# Elastic Potential Energy Stored

Question - A stretched elastic band of mass 0.67g is released so that its initial velocuty is horizontal, and its initial position is 9.6 com above the floor. What was the elastic potential energy stored in the stretched band if, it has a horizontal displacement of 3.6 m from its initial position?

Solution

Find v
At finish (h = 0)
Et = Ek + Eg
Et = 0.000335v^2

At Start (h = 0.096m)
Et = Ek + Eg
Et = 0.000335v^2 + 0.0006309792
by Law of Conservation of Energy (LCE)
Et = 0.000335v^2
0.000335v^2 = 0.000335v^2 + 0.0006309792

so when I got there, I was stuck and thought I went down the wrong track

But my method was going to be to find the velocity so I could find Ek which equals Ee because:

W = Ek
W = 1/2 k x^2
Ee = 1/2 x^2
so
Ee = Ek

## Answers and Replies

OlderDan
Science Advisor
Homework Helper
kevykevy said:
Question - A stretched elastic band of mass 0.67g is released so that its initial velocuty is horizontal, and its initial position is 9.6 com above the floor.

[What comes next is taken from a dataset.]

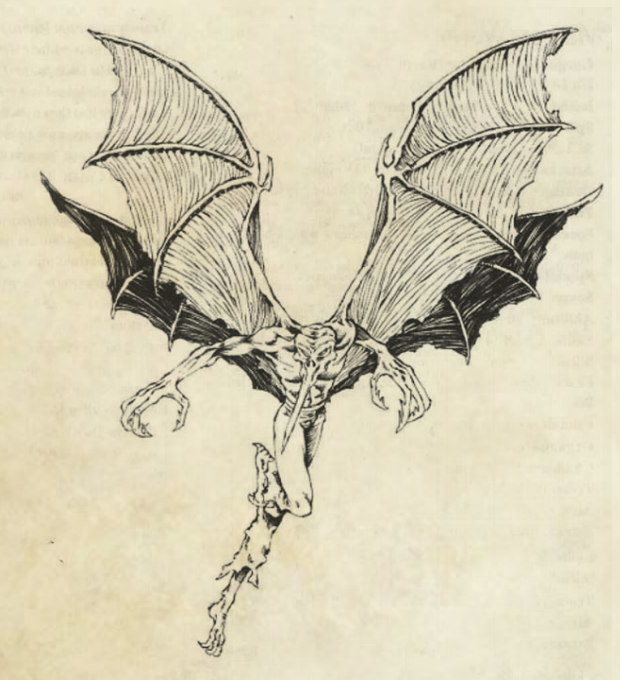
Credit: Encyclopaedia Arcane - Crossbreeding: Flesh and Blood by Wizards of the Coast

A haemovorid attacks by landing on a victim, finding a vulnerable spot and plunging its sharp proboscis into the flesh.

What was the elastic potential energy stored in the stretched band if, it has a horizontal displacement of 3.6 m from its initial position?

Solution

Find v
At finish (h = 0)
Et = Ek + Eg
Et = 0.000335v^2

At Start (h = 0.096m)
Et = Ek + Eg
Et = 0.000335v^2 + 0.0006309792
by Law of Conservation of Energy (LCE)
Et = 0.000335v^2
0.000335v^2 = 0.000335v^2 + 0.0006309792

so when I got there, I was stuck and thought I went down the wrong track

But my method was going to be to find the velocity so I could find Ek which equals Ee because:

W = Ek
W = 1/2 k x^2
Ee = 1/2 x^2
so
Ee = Ek
Your last appraoch will relate the velocity the band acquires at the intitial height to the elastic energy. Then it is a projectile problem to find that velocity.